Today, it seems odd to write a major play about a minor poet; perhaps that’s the crux of it – the play has faded as the poets legacy has? What seemed a beautifully written biographical piece now seems a bit ordinary. It’s largely a monologue, Stevie telling us her life story interspersed with her poems and interrupted occasionally by her beloved aunt and some of the men in her life. The later life in the second half is more interesting than the early life in the first, perhaps because the actual life was too. However, I was left thinking why would you write a play about her?

What is not in question is Zoe Wanamaker’s performance as Stevie, transformed by frumpy frocks and schoolgirl hair. She often seems to be talking to you personally as she scans the audience, making eye contact and drawing you in to her story. There’s excellent support from Lynda Baron as the aunt who shares her life and Chris Larkin as all of the men who are ‘extras’ in her life story, and at times as narrator. Simon Higlett’s huge period Palmers Green living room is finely detailed, becoming expressionistic as the top left seems to morph into the trees outside, but it seemed like a lot of trouble and expense to go to for a pay that is so static, hardly using such a superb creation.

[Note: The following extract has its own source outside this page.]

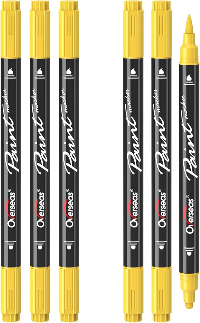 Overseas Yellow Acrylic Paint Markers, 6 Pack Dual Tip Paint Pens Acrylic Markers - Dot and Brush Tip Coloring Marker for Wood, Rock, Canvas, Glass, Metal, Plastic, Rubber, Fabric, School Supplies

I’d like to see more Whitmore revivals (Breaking the Code anyone? More timely!) but on this form I wonder if his style has indeed had its day. The school-kids in the front row of an extended arc configuration seemed to be totally unengaged (which must have been as distracting for Zoe Wanamaker as it was for me). Worth seeing for the fine performance, though and for once a play that is as conservative as the Hampstead Theatre audience!